Downgrading to 5.3.x fixes the problem.

Please let me know if you need any other data.  I've also created a ticket on 
bugzilla: https://bugzilla.kernel.org/show_bug.cgi?id=208685
Looking through dmesg we found the following error message:
[819876.687024] ------------[ cut here ]------------
[819876.687038] WARNING: CPU: 22 PID: 434 at kernel/rcu/tree.c:1358 
rcu_advance_cbs_nowake+0x53/0x60
[819876.687038] Modules linked in: binfmt_misc(E) intel_rapl_msr(E) 

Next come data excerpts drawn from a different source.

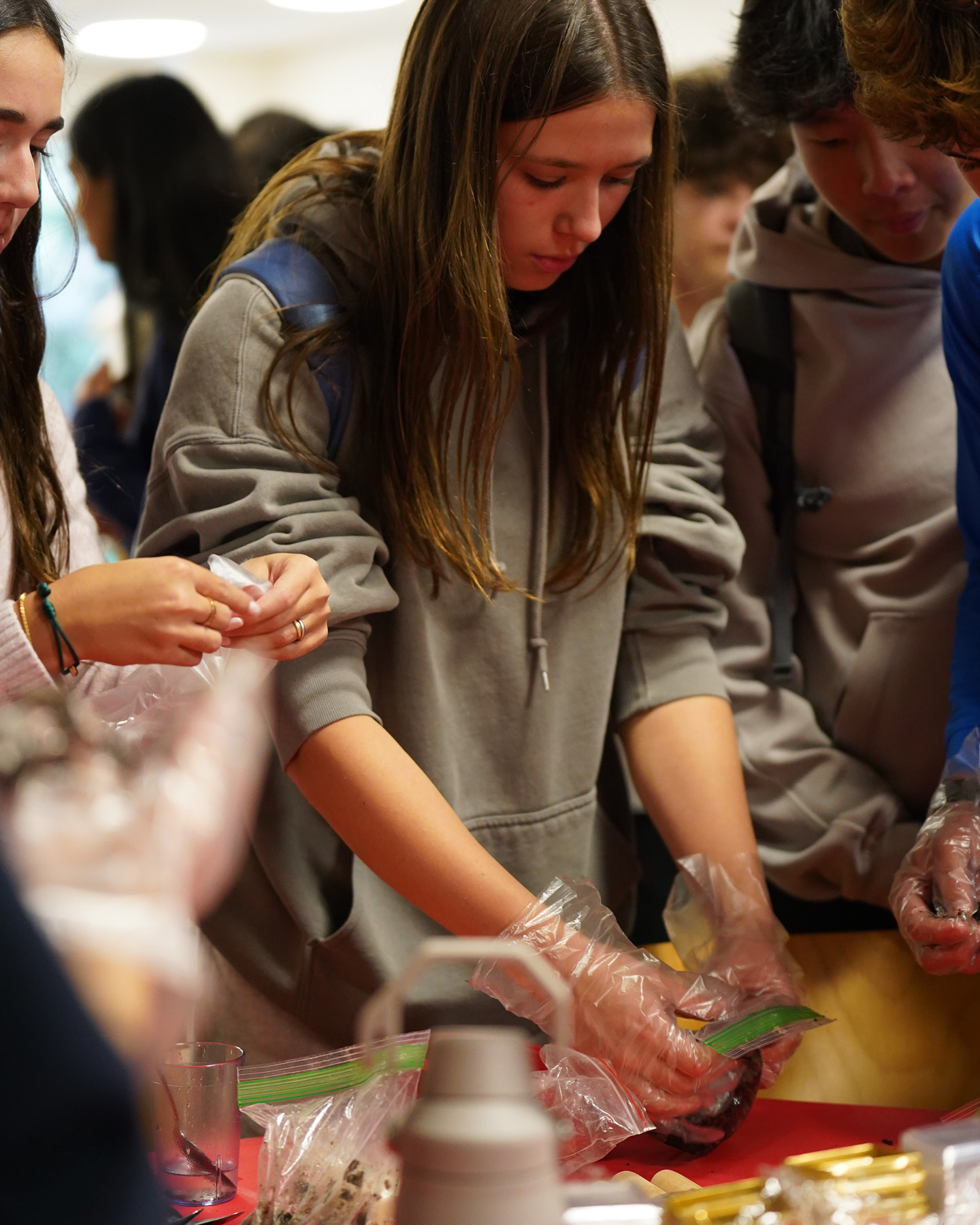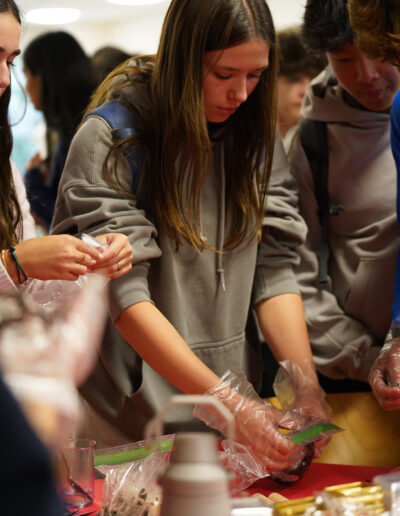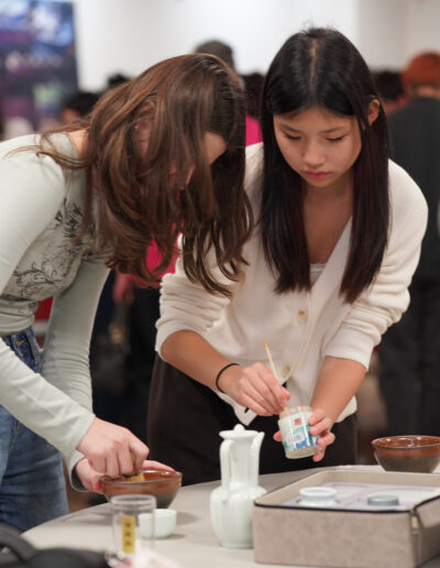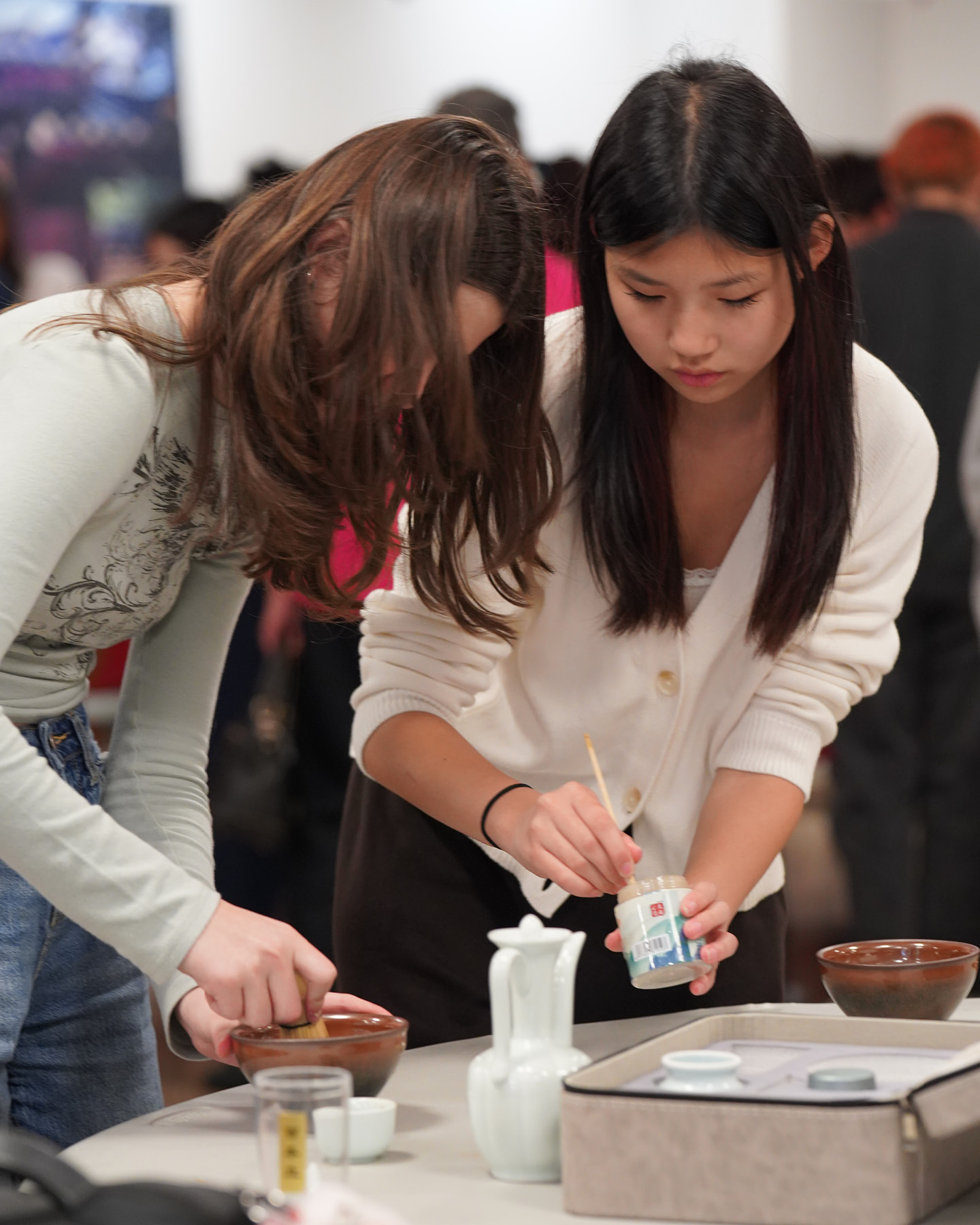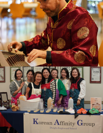 D-E’s Chinese Culture Club (CCC) and Korean Culture Club (KCC) hosted a joyful Chuseok and Mid-Autumn Festival Celebration earlier this week, in the Wharton Lessin Dining Hall. Mr. Lee ’17, Assistant Director of Diversity, Equity, Inclusion, & Belonging for the Upper School, explained that the two holidays are closely related and celebrate the harvest moon. “This is the first time we are doing a joint event!” he exclaimed. Chuseok, which was officially on Monday, October 6, is a Korean holiday during which one’s ancestors are honored, and the Chinese Mid-Autumn Festival is a time to be grateful and involves getting together with family. Korean and Chinese Parent Affinity Group members were on hand to help students make their own mooncakes, a Chinese tradition, using crushed Oreos and a mold that imprints a decorative design with the Chinese symbol for “moon.” There was also a tea-painting competition, a calligraphy station, Chinese and Korean treats and drinks, and traditional Korean games. Another highlight was a beautiful musical performance by World Language Chair Mr. Hegedus, who played the Gu-zheng, an ancient Chinese zither. He said the song evoked “an autumn moon over a calm lake.” In the spirit of the season, we are super grateful to the parents, faculty, and staff who helped make this event such a success!
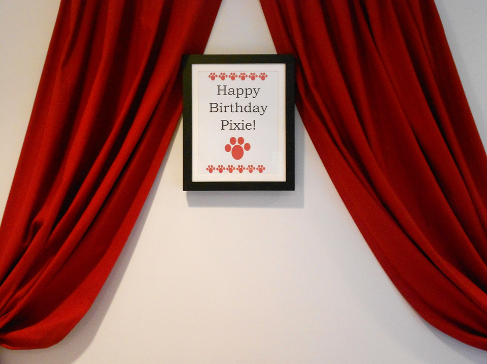 For the background, red curtains and a framed “Happy Birthday” paw print sign finished the look, giving our regal beagle the royal treatment she deserved.
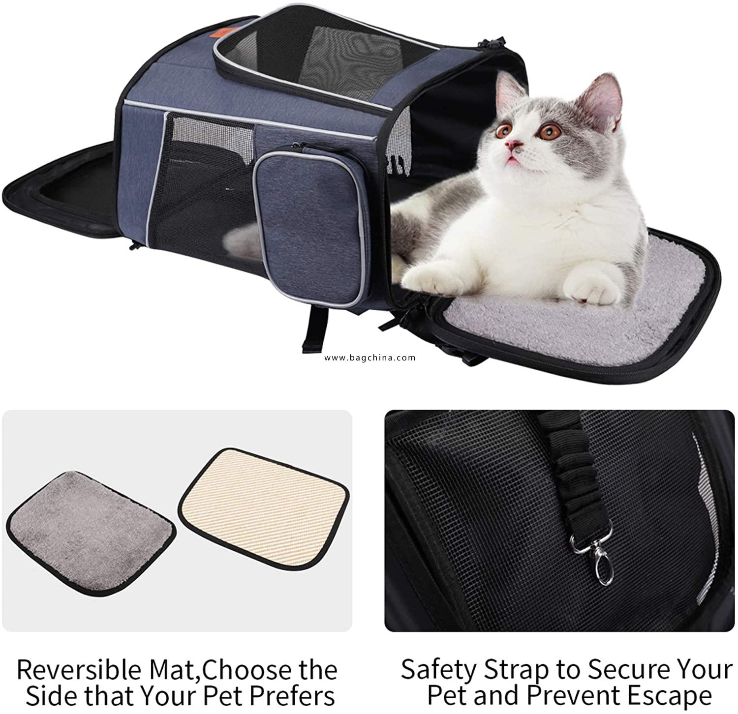 Pockets on both sides of the pet bag provides more room for storage. this pet travel backpack is equipped with a blue foldable dog bowl.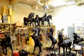 Am White Turf 2011 auf dem gefrorenen St. Moritzersee standen Pferde nicht nur im Renngeschehen im Mittelpunkt. Um den hochkarätigen Winterevent mit Kunstobjekten zu bereichern, wurde eine Serie plastischer Pferde-Skulpturen aus dem aussergewöhnlichen Material Bitumen geschaffen, die im VIP-Bereich ausgestellt wurden. Die pechschwarzen, stämmigen Figuren sind Sinnbild und Ausdruck der archaischen Kraft und Eleganz dieser energetischen Tiere. Die Wahl des heiss zu verarbeitenden Materials Bitumen – ein aus Erdöl sowie Gestein gewonnenes, zähflüssiges Destillat, das bereits vor 6000 Jahren in der Kunst und heute vorwiegend für den Strassenbau eingesetzt wird – lag für den Künstler auf der Hand, bzw. der Strasse. Pferdestärken spielen in der mobilen Welt eine tragende Rolle, wie Erdöl und Bitumen als deren Antriebsmittel und Strassenunterlage. Daraus resultiert eine Faszination der Gegensätze, die sich in einer Schwarz-Weiss-Wahrnehmung, in Hitze und Kälte, in Bitumen und Schnee wiederspiegelt. Dem Glanz und Glamour des Endprodukts steht der handwerklich aufwändige Entstehungsprozess im Atelier gegenüber. Was bleibt ist die ungeschminkte Authentizität eines Werks.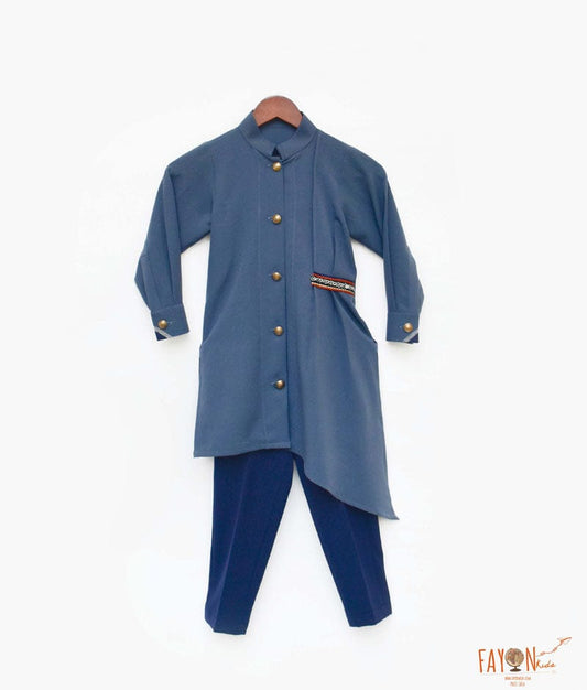 Grey Georgette Asymmetrical Kurta with Blue Pan...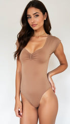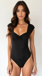 El Body Venus de Kora, confeccionado en licra premium (87% poliéster, 13% elastano) de doble capa frontal, ofrece un ajuste entallado y una sensación de segunda piel. Su diseño minimalista y femenino presenta un escote corazón con un fruncido vertical central que realza y define el busto, mangas cortas tipo 'cap sleeve' y un corte de pierna alto. La doble capa frontal evita transparencias, mientras que la elasticidad y suavidad del tejido garantizan comodidad y libertad de movimiento. Un cierre de broche de tres posiciones en la entrepierna añade funcionalidad discreta, haciendo de esta prenda una base versátil para looks casuales o elegantes.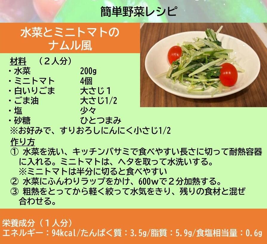 三井ショッピングパーク ららぽーと横浜、ノースポート・モール、 港北 TOKYU S.C.のフードコート又はテナント店舗等にて、野菜の摂取を呼び掛けるPOPを掲示します。また、館内デジタルサイネージにおいて、野菜プラス1品を啓発する15秒のアニメーション動画を放映します。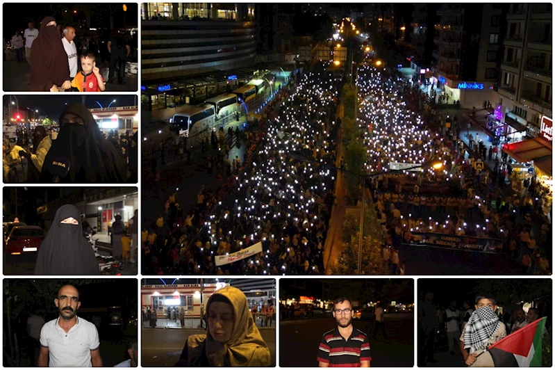 Düzenlenen yürüyüşe katılan Hüseyin Bilal Aktu, HAMAS’ın çağrısıyla toplandıklarını belirterek "Gazze’de kardeşlerimiz bombalar altındayken biz burada elimiz kolumuz bağlı, hiçbir şey yapamıyoruz. Yardımların bir kısmı ulaşıyor ama o da yetersiz. HAMAS’ın çağrısıyla bu alana geldik. Burada kardeşlerimizin sesine ses olmaya ve sesimizi yükseltmeye geldik. Belki bu, Gazze’deki kardeşlerimize bir umut olur. Gazze harabeye dönmüş durumda ve kimse müdahale etmiyor. Buradan Cumhurbaşkanına sesleniyorum: Lütfen, Gazze’deki kardeşlerimiz ölüyor, siz neyi bekliyorsunuz?" ifadelerini kullandı.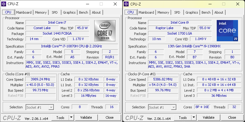По тестам программы CPU-Z видно, что в однопотоке 13980 почти вдвое быстрее, хотя частота одного ядра не в 2 раза выше. Очевидно, что это результат оптимизации ядра процессора. В многопотоке новый процессор втрое быстрее, хотя потоков больше лишь в 2 раза – 32 против 16 у 10870.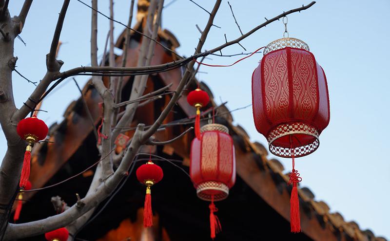 在斜塘老街,各式各樣的燈籠與傳統的蘇式建筑相得益彰,為原本因季節更迭而顯得枯寂的樹木點綴上鮮艷的色彩。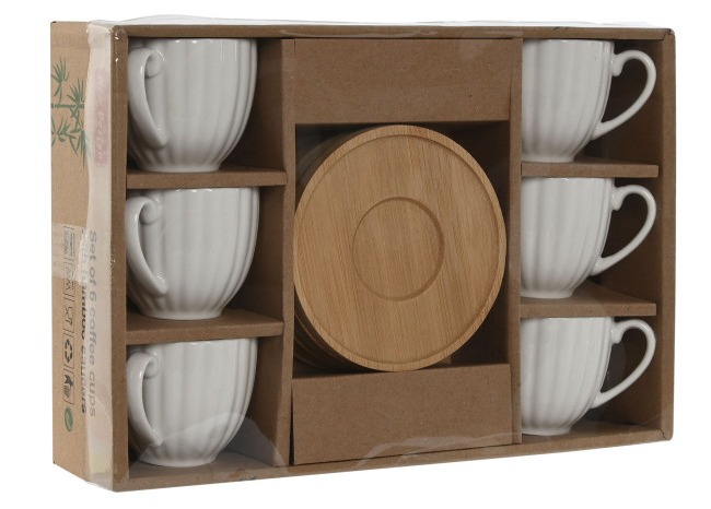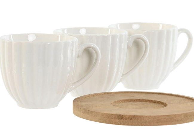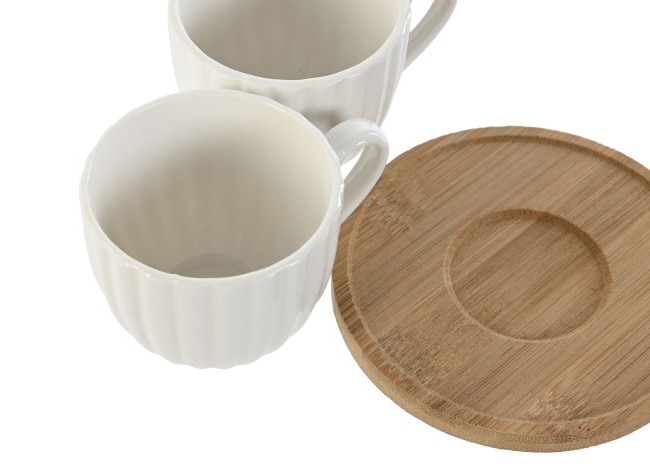 Set de café con tazas de porcelana en color blanco y platillo de madera de bambú.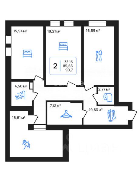 Арт. 129439533 Продаётся 2-комнтаная квартира общей площадью 90,7 мг в жилом комплексе Авторский. Квартира расположена в доме N3 (II очередь), 2 секции, на 8 этаже - что открывает отличный вид на город! 35,15 В квартире 2 жилые комнаты: 19,21 и 15,94 м'. Просторная кухня для семьи 16,59 мг. Два раздельных санузла. Открытая терасса для уединения на свежем воздухе. Есть гардеробная комната.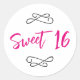Doodle de moda decorativa color negro, blanco y rosa caliente Tipografía dulce 16 sobre pegatinas redondos clásicos o sellos para sobres. El tipo de letra es un precioso guión moderno de caligrafía con un toque decorativo que tiene el aspecto de letras a mano. Dulce dieciséis - 16º diseño de fiesta de cumpleaños para su celebración de hitos. Puede cambiar el texto de este diseño de tipografía para otra fiesta de cumpleaños.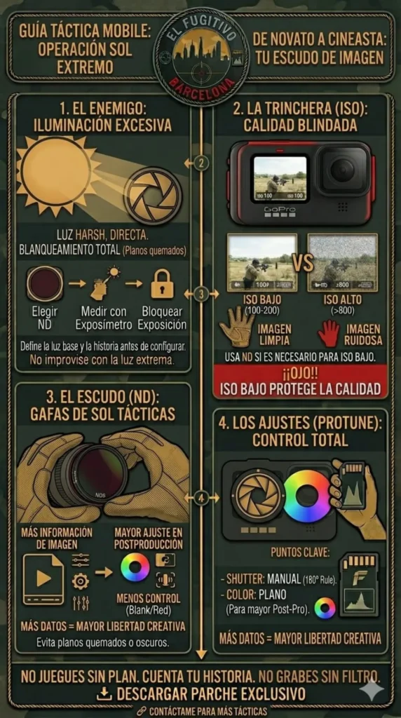 Ahora trabajo con un flujo claro que me permite controlar la luz desde la cámara. No dependo del azar. Ajusto exposición, configuro Protune y uso filtro ND cuando hace falta (solo en el drone). Aquí explico cómo lo hago paso a paso para lograr una imagen limpia y usable y evitar imagenes quemadas.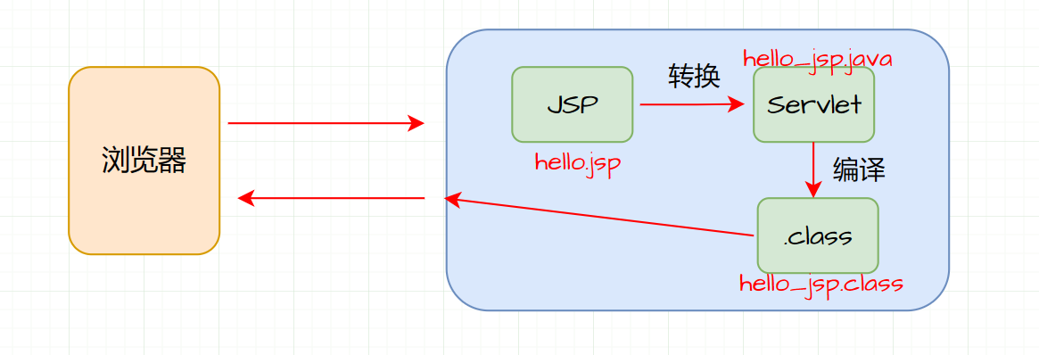 在上面的例子中,浏览器第一次访问 heelo.jsp 页面时,Tomcat 会将 hello.jsp 装换为名为 hello_jsp.java 的一个Servlet, 然后 这个 Servlet 会被 TomCat 编译为字节码文件 hello_jsp.class 。TomCat 会执行该字节码文件向外提供服务。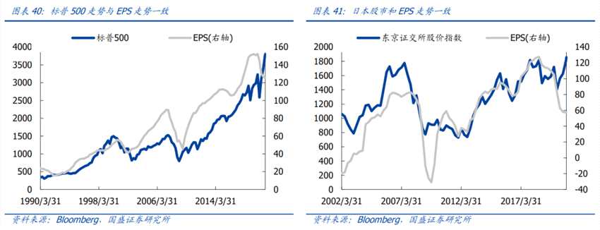 機(jī)構(gòu)化帶來定價(jià)體系由PE主導(dǎo)向EPS主導(dǎo)變遷,景氣越來越成為決定市場走勢的核心變量。參考美股和日股等市場,股市走勢由EPS主導(dǎo)。隨著估值波動收斂,基本面、景氣度越來越成為決定市場走勢的核心變量,未來景氣將比估值更重要。短期的高估值不代表跌,可以通過盈利增長消化;低估值不代表漲,還是要看景氣的趨勢。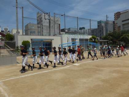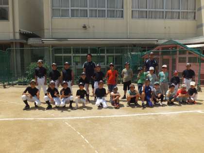 ソフトボール部のユニフォームをまとった子ども達の横に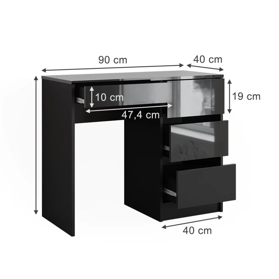 - MAßE: Der Bürotisch mit Stauraum, mit Schubladen hat folgende Abmessungen: Tiefe 40 cm, Breite 90 cm und Höhe 75 cm. Alle detaillierten Maße sind auf den Fotos angegeben.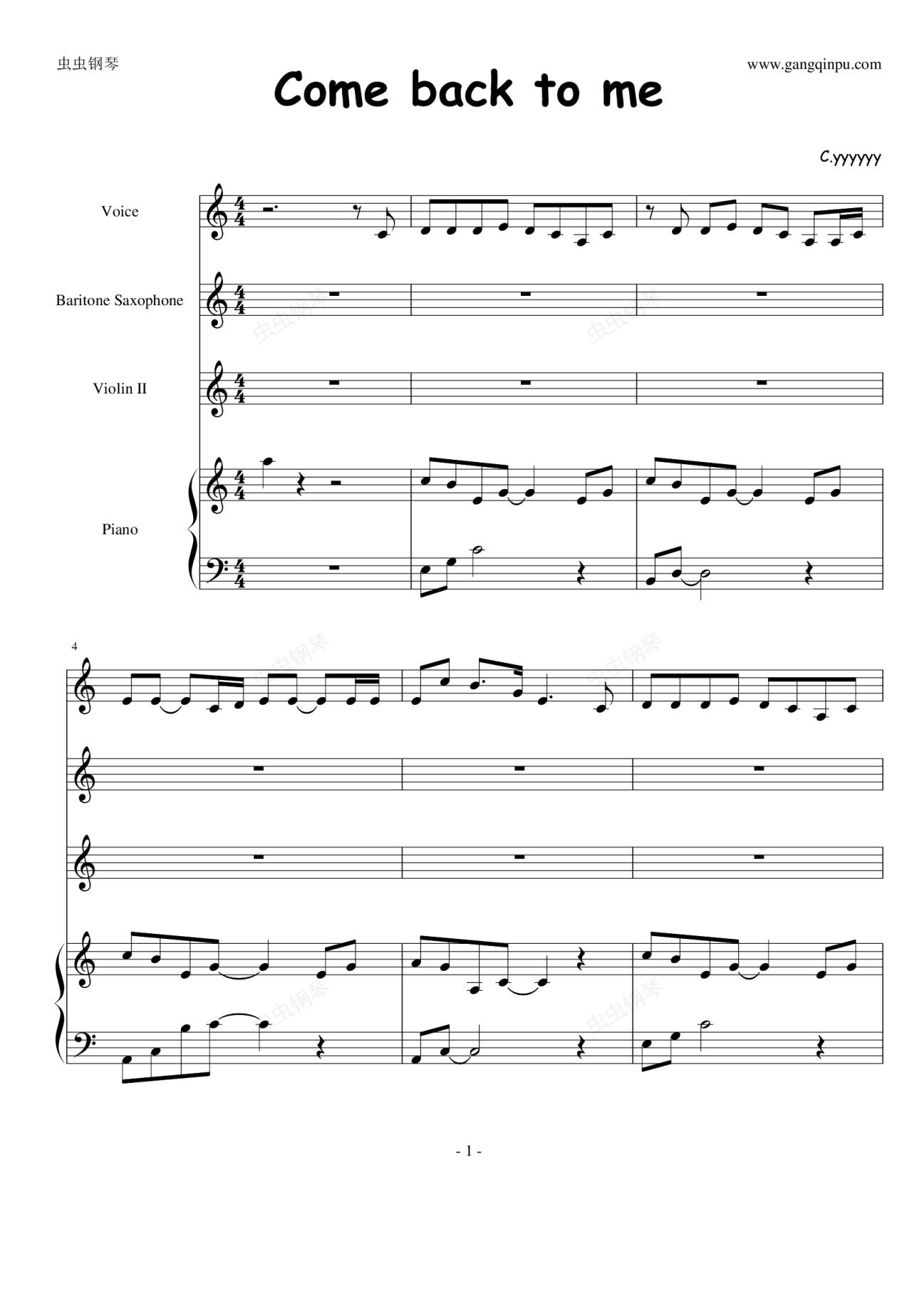 钢琴谱:Come back to me【弹唱版】

dell_smbios(E) wmi_bmof(E) dell_wmi_descriptor(E) sr_mod(E) cdrom(E) dcdbas(E) 
xt_comment(E) xt_multiport(E) ip6t_rpfilter(E) ip6t_RE
JECT(E) nf_reject_ipv6(E) ipt_REJECT(E) nf_reject_ipv4(E) xt_conntrack(E) 
ebtable_nat(E) ebtable_broute(E) ip6table_nat(E) ip6table_mangle(E) 
ip6table_security(E) ip6table_raw(E) iptable_nat(E) nf_nat(
E) iptable_mangle(E) iptable_security(E) iptable_raw(E) nf_conntrack(E) 
nf_defrag_ipv6(E) nf_defrag_ipv4(E) ip_set(E) nfnetlink(E) ebtable_filter(E) 
ebtables(E) ip6table_filter(E) ip6_tables(E) iptable
_filter(E) intel_rapl_common(E) vfat(E) fat(E) skx_edac(E) nfit(E) libnvdimm(E) 
x86_pkg_temp_thermal(E) intel_powerclamp(E) coretemp(E) kvm(E) irqbypass(E) 
crct10dif_pclmul(E) crc32_pclmul(E) ghash_clm
ulni_intel(E) aesni_intel(E) crypto_simd(E) cryptd(E) glue_helper(E) 
wdat_wdt(E) pcspkr(E) sg(E) i2c_i801(E) lpc_ich(E) mei_me(E) mei(E) ioatdma(E) 
wmi(E) ipmi_si(E) ipmi_devintf(E) ipmi_msghandler(E)
[819876.687069]  acpi_power_meter(E) ip_tables(E) xfs(E) libcrc32c(E) sd_mod(E) 
crc32c_intel(E) megaraid_sas(E) mgag200(E) i40e(E) drm_kms_helper(E) 
syscopyarea(E) sysfillrect(E) sysimgblt(E) fb_sys_fo
ps(E) igb(E) ptp(E) pps_core(E) drm_vram_helper(E) dca(E) ttm(E) ahci(E) 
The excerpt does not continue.